How do they taste better? They seem creamier, breaking up in tender curds, and richer, close to steamy mashed potatoes almost when you butter them up, and like a potato - or like a potato used to taste when a potato tasted like a potato.

It's funny to see how the lines string out at the baked potato stand. Nothing fancy about how to cook one: Stick it in a convection oven for an hour. Done. (Masser also markets a Blue Denim-brand shrink-wrapped potato that can be shoved in a microwave and be "done" in six minutes.)

It's funny because there's a french fry booth right next door, and while the fries are good and fresh, not frozen, the happy bakers are a rarer treat.
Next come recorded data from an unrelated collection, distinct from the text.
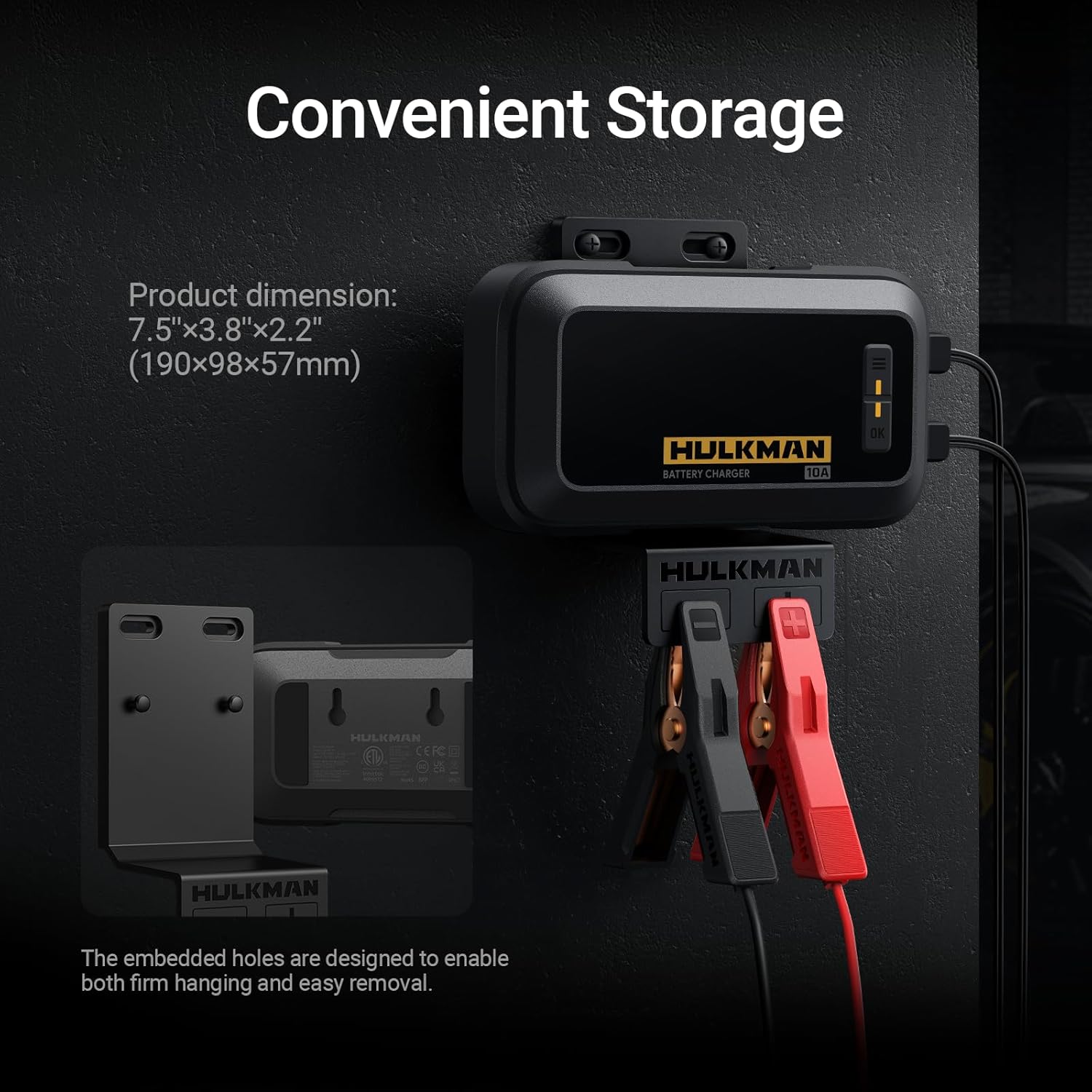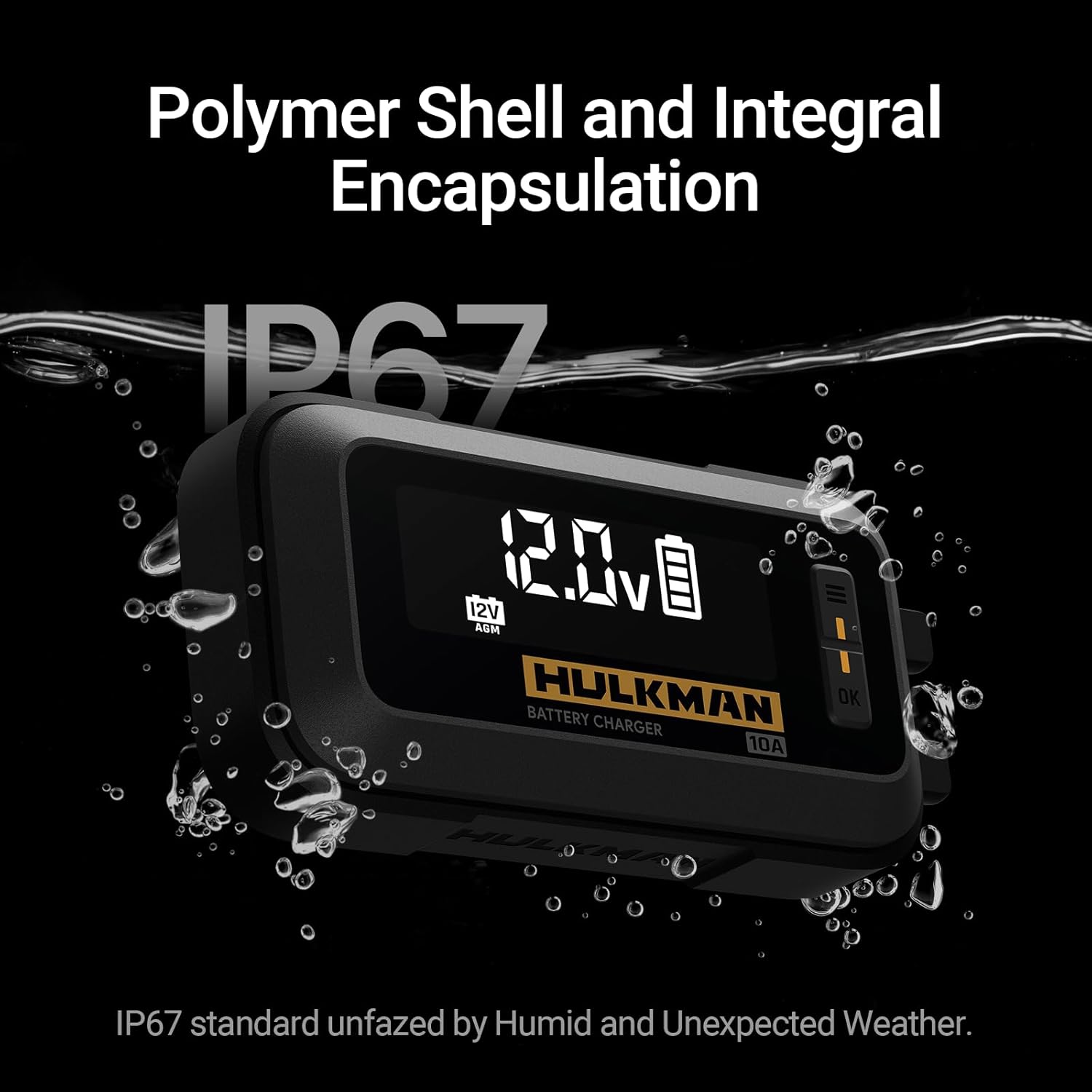 Hulkman Sigma 10, 10A 12V/6V Car Battery Charger for 30-240Ah, Battery Maintainer and Float Charger, Trickle Charger with Desulfator for Lead-Acid, LiFePO4 Battery, Automobile, Truck, Motorcycle, RV
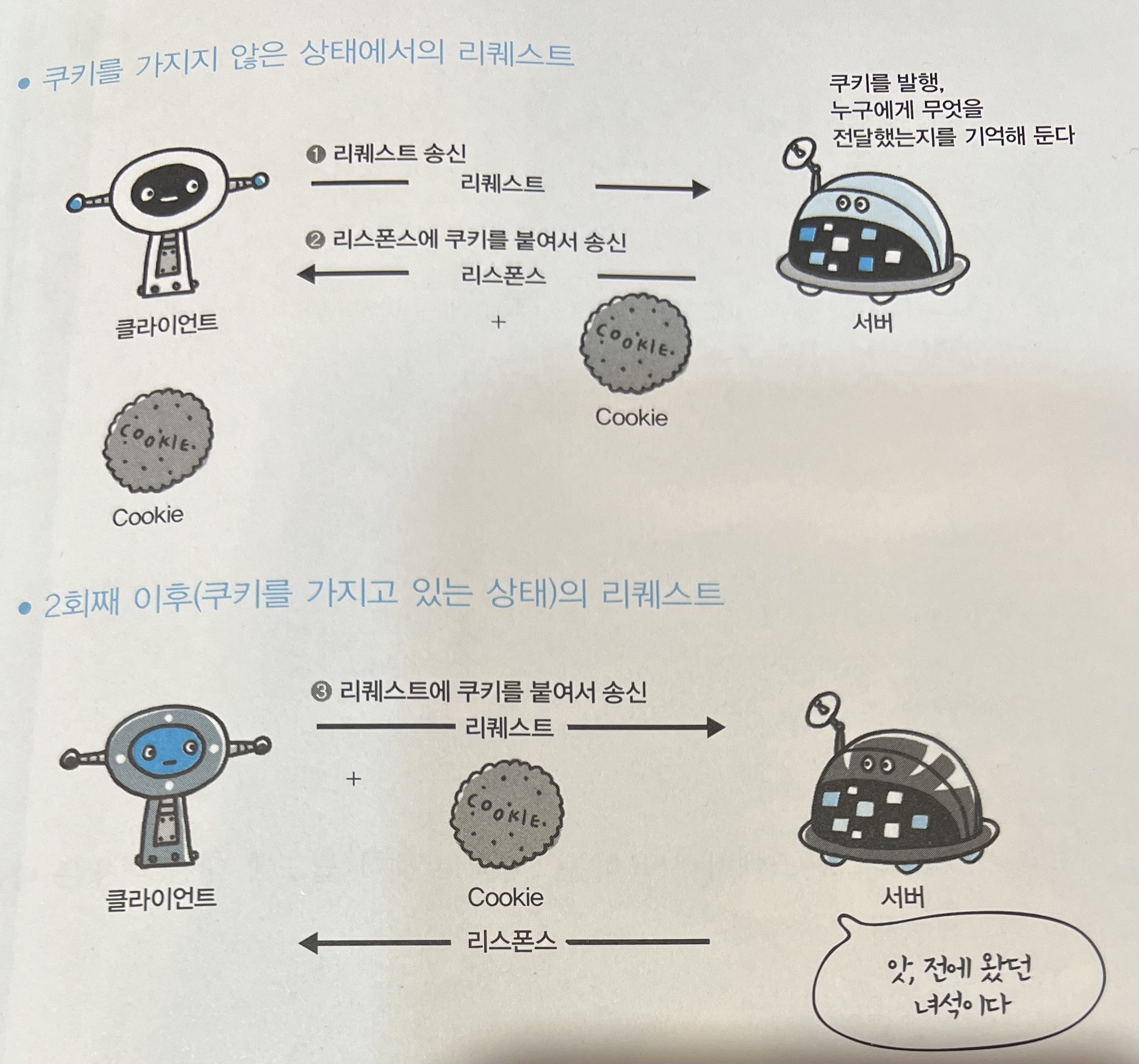 쿠키는 리퀘스트와 리스폰스에 쿠키 정보를 추가해서 클라이언트의 상태를 파악하기 위한 시스템이다.
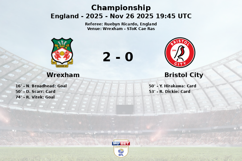 Wrexham, Inglaterra – Em um jogo disputado no SToK Cae Ras, Wrexham e Bristol City empataram em partida válida pela 17ª rodada do Championship. A partida, arbitrada por Ruebyn Ricardo, foi tensa e com alternativas para ambas as equipes.
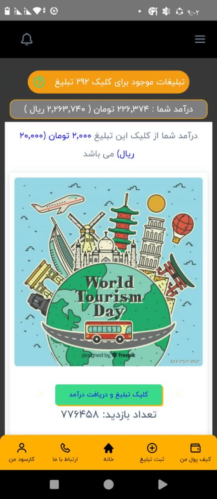 برداشت آسان: وقتی به 100 هزار تومان رسیدید، درآمدتان را برداشت کنید یا شارژ و بسته اینترنت بگیرید.
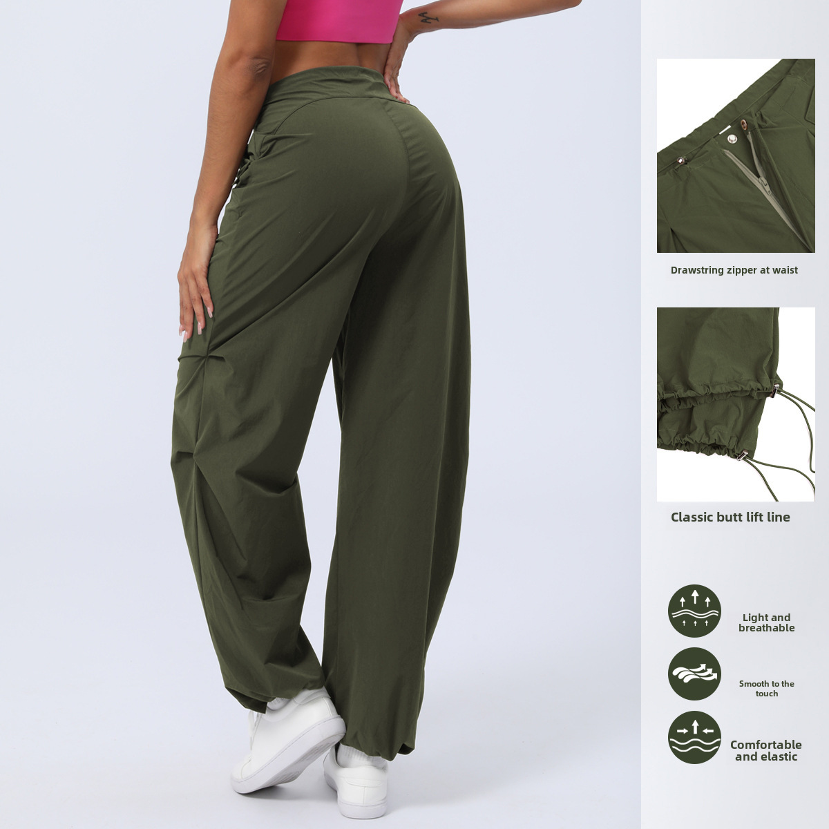| nameOriginal | European and American autumn and winter high waist quick-drying sports trousers women's ankle-tied pants American loose straight umbrella pants casual overalls |

You can step right up and get one, split and steaming, which makes them, I suppose, a fast food, but hardly a junk food.

The Farm Show baked potato packs emotional wallop. It's the punch-faced palooka from the Sunday supper table; meat loaf's main squeeze. Masser is thinking of reviving an old idea - marketing bags of his spuds next winter as Farm Show-brand potatoes. (His potatoes are in chain supermarkets across the state, but it's hard to tell which ones are Masser's: They aren't labeled.)

Of course, these aren't the old days. The McDonald's fry begat the Idaho juggernaut, and from 100,000 acres of potatoes in 1952, Pennsylvania's once second-ranked crop has plummeted to 17th at about 5,000 acres, most of them feeding the chip industry.

So, disease resistance in the buggy Mid-Atlantic is more important than ever. Older breeds such as Katahdin and Kennebec that you could still find a few years back are now boutique varieties. Masser's winter offerings are a newer breed, a yellow-fleshed, pest-resistant cross called the Keuka (Key-u-cah) Gold.

That resulted in a call-and-response sing-song at the Farm Show's baked potato booth: What kind of potatoes were these gorgeous, steamy big boys? "Keuka Gold." "Did you say Yukon Gold?" "No, Keuka Gold."

The bad news this year was that heavy rains depressed the Schuylkill County harvest. Then again, higher gas prices made it far more costly to haul potatoes cross-country from Idaho.

The way Masser sees it, that was a patch of very good news indeed.